Lynsey then continued her research in this area, with a joint PhD between the University of Liverpool and Moredun with Dr Dave Bartley and Dr Jan van Dijk; investigating the novel emergence of benzimidazole resistance in Nematodirus battus and recent behavioural changes in this parasite species.

Following completion of her PhD in 2019, she has continued her work as a postdoctoral researcher within the Moredun parasitology lab, working towards slowing the development of anthelmintic resistance in sheep and cattle roundworms. Lynsey is also the current vice president of the British Association of Veterinary Parasitology (BAVP).

Current Research

Lynsey is an early career researcher studying veterinary parasitology, specifically the sustainable control of gastrointestinal nematodes (GIN) in grazing livestock. She has a keen interest in the evolution of parasite behaviour and the factors which influence it. Her research began in applied parasitology, optimising anthelmintic treatment strategies for grazing lambs.
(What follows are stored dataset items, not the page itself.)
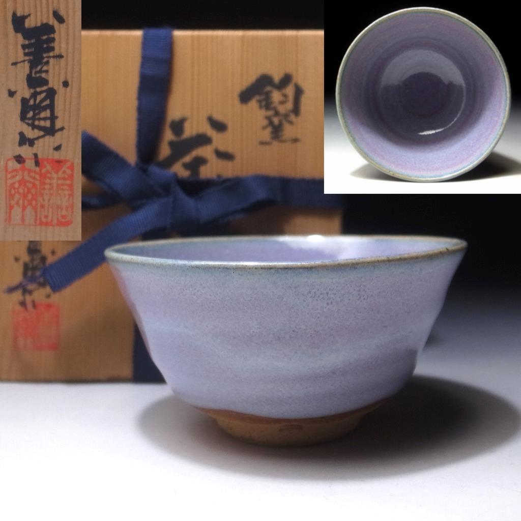 The chawan bears the master’s seal and condition is mint. Comes complete with the original, quality shiho san paulownia tomobako or storage box with kiln stamp, calligraphy & artist signature on the lid. Also includes a pamphlet with a biographical overview of this artist’s career.
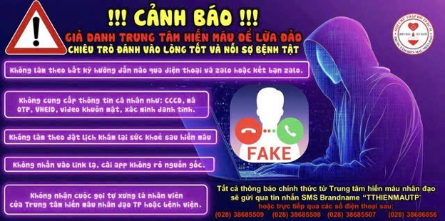 Sở Y tế TPHCM cảnh báo thủ đoạn giả mạo nhân viên y tế gọi điện lừa người hiến máu yêu cầu cung cấp hình ảnh căn cước công dân, tài khoản VNeID, kết bạn Zalo để 'hướng dẫn đăng ký khám, làm xét nghiệm hoặc xác minh danh tính.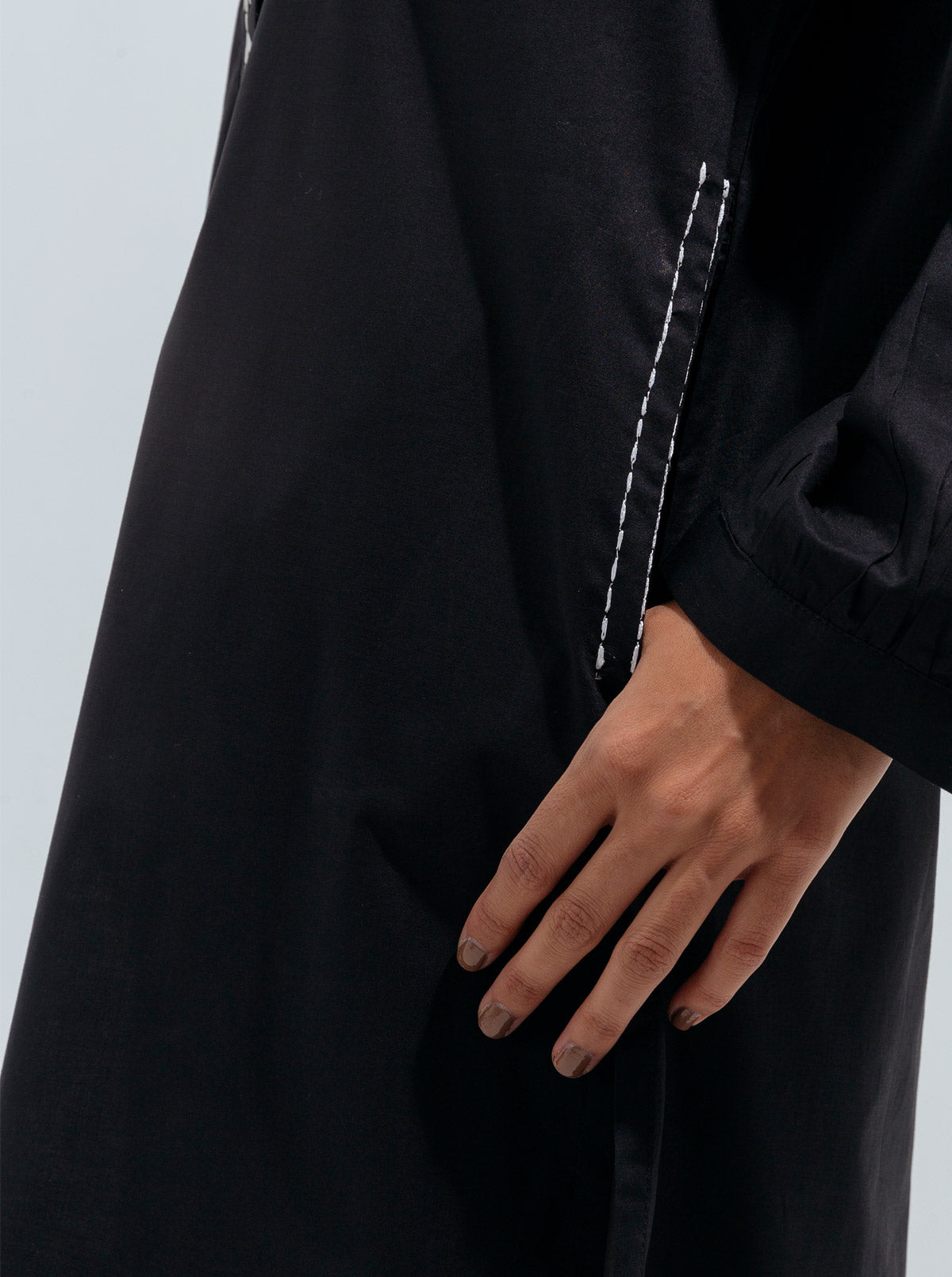 Band Collar With Embroidery On Placket. Top Stitch On Pockets And Geometric Emb On Shirt Sides. Fabric: Lawn
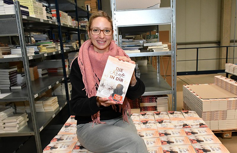 Steinhagen. Auf den ersten Blick sieht es so gar nicht nach erfülltem Schriftstellertum aus: Vanessa Göcking verbringt eine komplette Arbeitswoche damit, in einem großen Versand-Buchlager zu sitzen und ihren neuesten Roman „Die Kraft in dir“ zu signieren. Der Eindruck täuscht. Die 32-Jährige ist mit Enthusiasmus bei der Sache. Fünf Tage lang sitzt sie acht Stunden täglich an einem Schreibtisch, mitten in einer umtriebigen Logistikhalle des Steinhagener Verlagsauslieferers Runge und schreibt.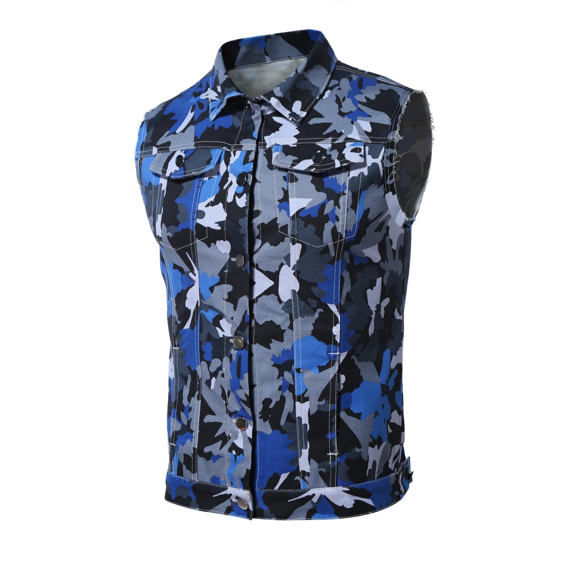 BYBNOLL Men's Denim Vest Sleeveless Casual Jean Vest Button Camouflage Print Jacket Outerwear Vest

Through several research projects she has gained a range of molecular biology skills, developing, validating and applying tools across multiple platforms including pyrosequencing, loop-mediated isothermal amplification, qPCR and next generation deep amplicon sequencing. Lynsey’s unique skills base allows her to take a whole-system approach to her research, understanding the real-world implications of research outputs and communicating these to key stakeholders.

Currently, Lynsey is working on two projects funded by the Veterinary Medicines Directorate. The first, evaluating molecular tools available for the differentiation of roundworm species and how these can be used to benefit the industry. The second, investigating the role of livestock trade the transmission of roundworms and development of anthelmintic resistance.